Stored data.
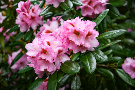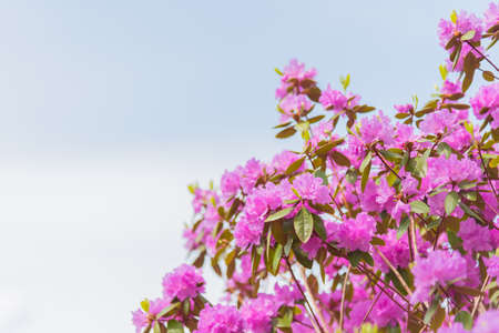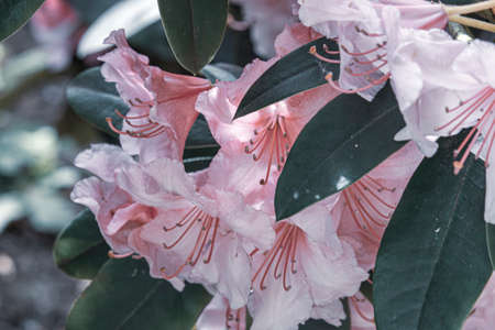 Flowering of fresh tender Rhododendron maximum pink flowers with green leaves at spring time. Natural floral seasonal holiday background with copy space.
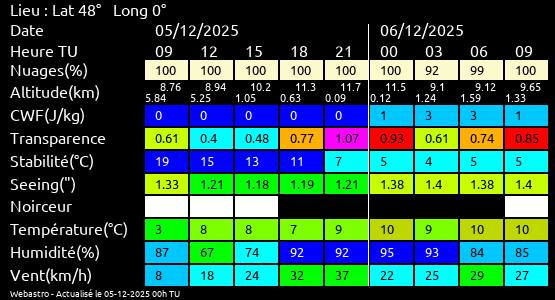 Ces paramètres sont fournis pour la nuit suivante de 12 h TU du jour en cours à 12h TU du jour suivant par pas de 3h.
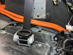 then install the nut that attaches LH rear seatbelt retractor to the body.
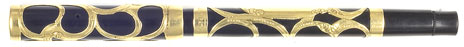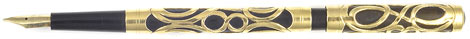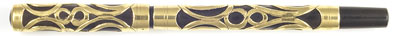 15143: unmarked eyedropper-filler: black hard rubber slip-cap, 13.6 cm long, gold filled Art Nouveau filigree overlay has not a trace of brassing (was sold to us as tested as 14K, but more likely top quality very thick gold laminate). Closely resembles a Waterman, similar quality but parts do not interchange. #2 warranted nib is a notable writer, only slightest fading to hard rubber.
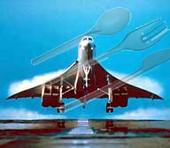 Jetzt stelle ich mir das Ganze in der Concorde vor: eine Klientel, die eigentlich Silberbesteck gewohnt ist und auch keine Zeit hatte, sich 'mental' auf die veränderte Situation einzustellen. Jegliche Erfahrung mit dem Werkstoff Plastik wird erst auf dem ohnehin schon kurzen Flug nach New York gemacht. Keine Chance, den Flug zu genießen, sämtliche Sitzreihen sind mit dem Nachordern von Werkzeug beschäftigt und die Crew steht vor einem ernstzunehmenden Versorgungsproblem. Die reinste Materialschlacht. Unmutsäußerungen von Bug bis Heck. Im Mythos grummelt's.
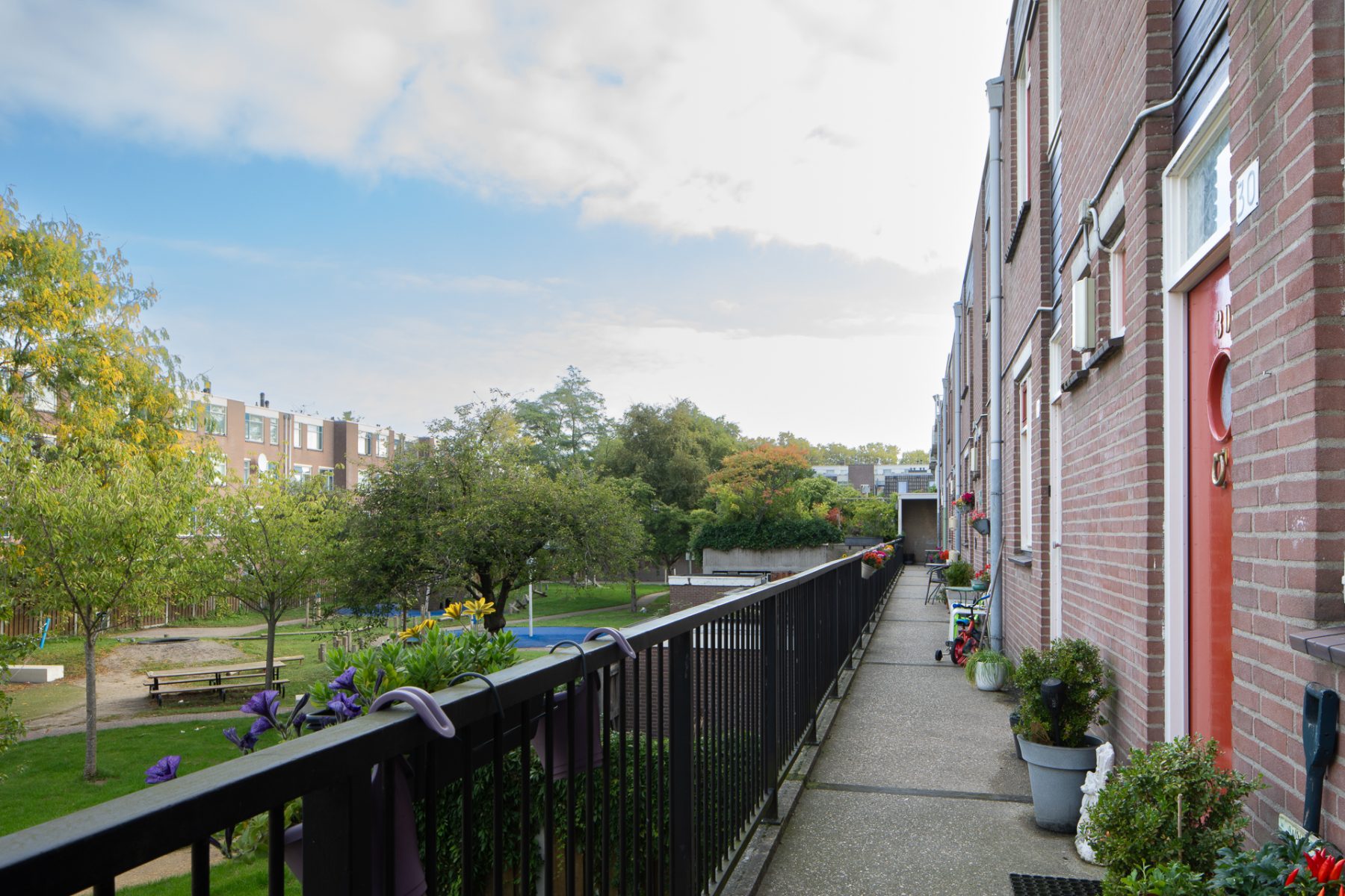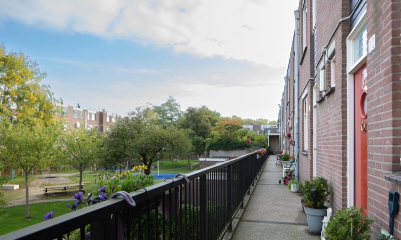 Eerste verdieping: Vanuit de galerij, met uitzicht op een groen park, loop je naar de voordeur. Binnengekomen biedt de hal toegang tot de keuken, woonkamer, toilet, meterkast en trap naar de tweede verdieping. De keuken is voorzien van een gaskookplaat met afzuigkap en een koelkast. Het toilet is uitgerust met een fonteintje.
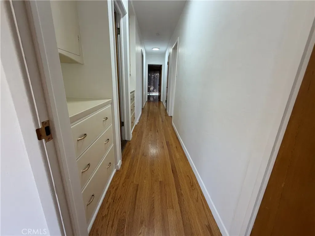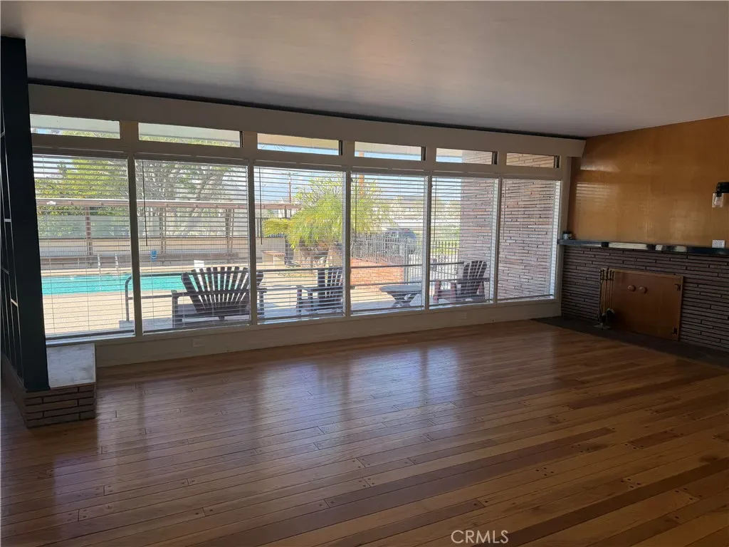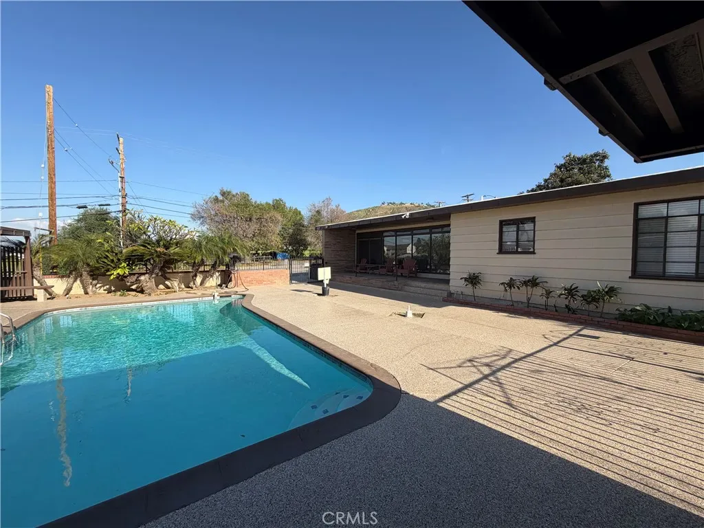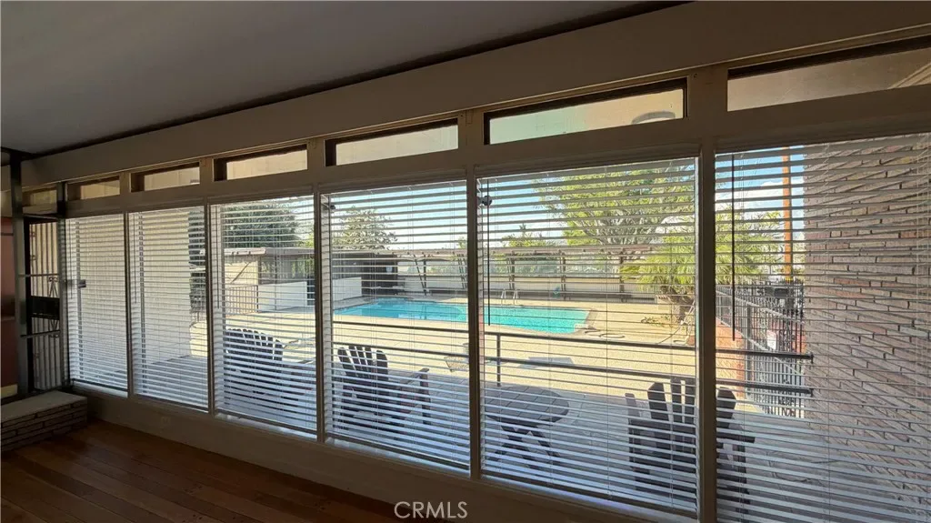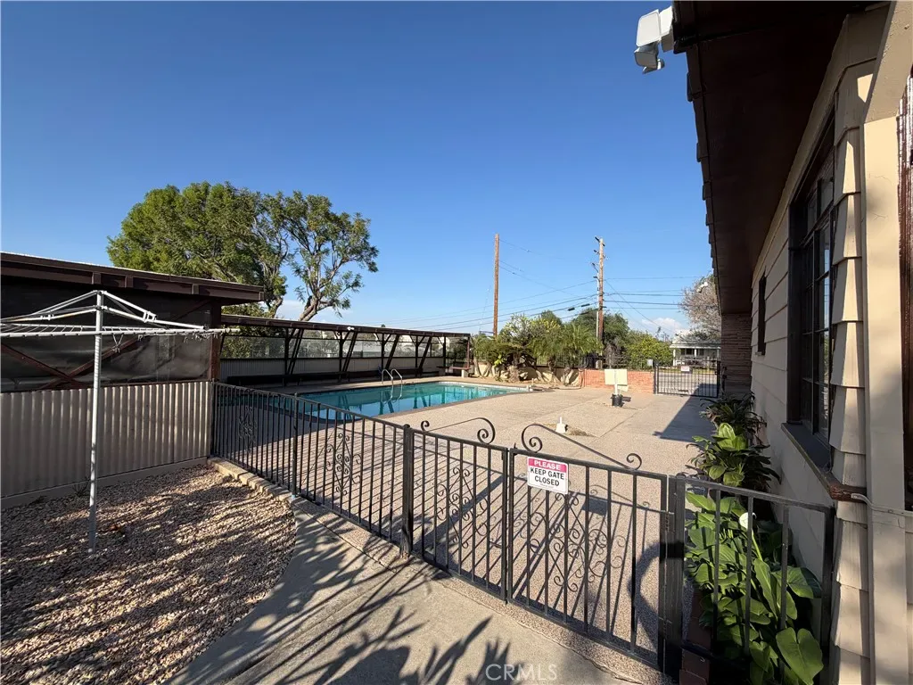 MID-CENTURY POOL HOME WITH BASEMENT – Welcome to this 1947 mid-century charmer that blends timeless character with thoughtful updates. This 3-bedroom, 2-bath home offers incredible architectural details, a finished basement, and a resort-style backyard with pool and spa. Freshly painted throughout, the home retains its original mid-century vibe with hardwood flooring, floor-to-ceiling windows overlooking the pool, and a classic fireplace mantel anchoring the spacious living room. Pocket doors lead to a separate formal dining room featuring built-in cabinetry perfect for displaying your favorite pieces. The updated kitchen includes a stove range, microwave, vinyl flooring, freshly painted cabinetry with new hardware, and pull-out drawers. A cozy breakfast nook just off the kitchen offers serene garden and pool views—perfect for your morning coffee. Each bedroom features custom-built closets that honor the home’s mid-century style, along with additional hallway storage cabinets. The front bedroom includes a charming built-in vanity and mirror. The primary suite showcases original wood flooring, ceiling fan, custom closet with pull-out drawers, and direct access to the side yard via sliding glass door with ramp access. The primary bath offers dual vanities and a spacious walk-in shower. The hallway bathroom maintains its original pink tile vanity, separate soaking tub, and walk-in shower—true vintage charm. Just off the dining room, step down into a finished basement complete with a built-in bar—ideal for entertaining, game nights, or a media room. Floor-to-ceiling cabinetry provides abundant storage. Outdoor living is equally impressive. The inviting front porch overlooks the large pool and spa with generous bench seating. The fully landscaped yard features orange trees, plumeria trees, birds of paradise, a large shade tree, patio furniture, and a covered gazebo area—creating a private, peaceful retreat. The laundry room is conveniently located adjacent to the pool area. A rare opportunity to lease a true mid-century gem with character, space, and exceptional outdoor living on a private gated lot. Conveniently located near the 91 & 15 freeways, schools, restaurants, shopping and hospital.
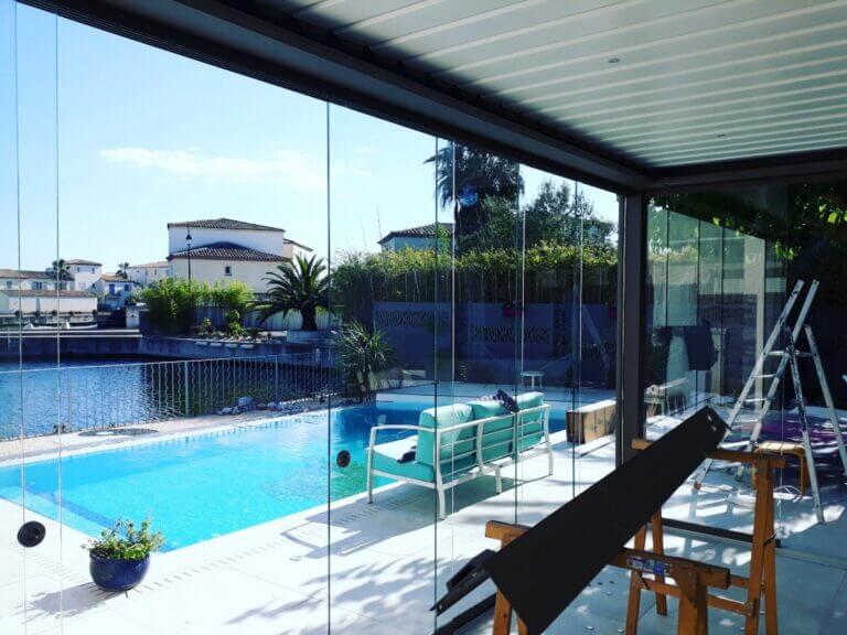 Spécial Menuiseries 34, vous présente une magnifique installation sur mesure d'une Pergolas bioclimatique Lux intégral modèle 2020 avec parois vitrées en verre trempé ainsi que des toiles Screen.
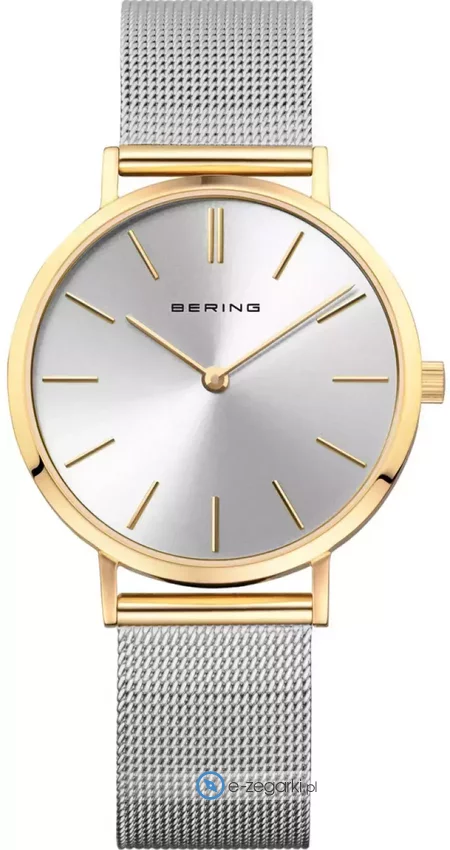 Damski zegarek 14134-011 z kolekcji Bering Classic marki Bering to połączenie smaku i ciekawych funkcji. Niebanalną konstrukcję czasomierza uzyskano z pomocą tarczy w kolorze srebrnym. Pokazana metodą analogową bieżąca godzina jest czytelna i łatwa do sprawdzenia. Koperta jest w kolorze złotym szeroka jest na 34 mm oraz ma grubość 6 mm - ma okrągły kształt.
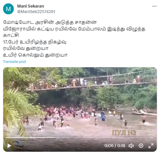 “மோடியோட அரசின் அடுத்த சாதனை. மிசோரமில் கட்டிய ரயில்வே மேம்பாலம் இடிந்து விழுந்த காட்சி. 17 பேர் உயிரிழந்த நிகழ்வு. ரயில்வே துறையா உயிர் கொல்லும் துறையா” என்று இந்த வீடியோ பரவி வருகிறது.

Aim of the task. No pictures should appear in the copy, which holds exactly the lines from the first line of the data through the line with "then install the" and nothing else.

Answer to this exercise.
 Flowering of fresh tender Rhododendron maximum pink flowers with green leaves at spring time. Natural floral seasonal holiday background with copy space.
 Ces paramètres sont fournis pour la nuit suivante de 12 h TU du jour en cours à 12h TU du jour suivant par pas de 3h.
 then install the nut that attaches LH rear seatbelt retractor to the body.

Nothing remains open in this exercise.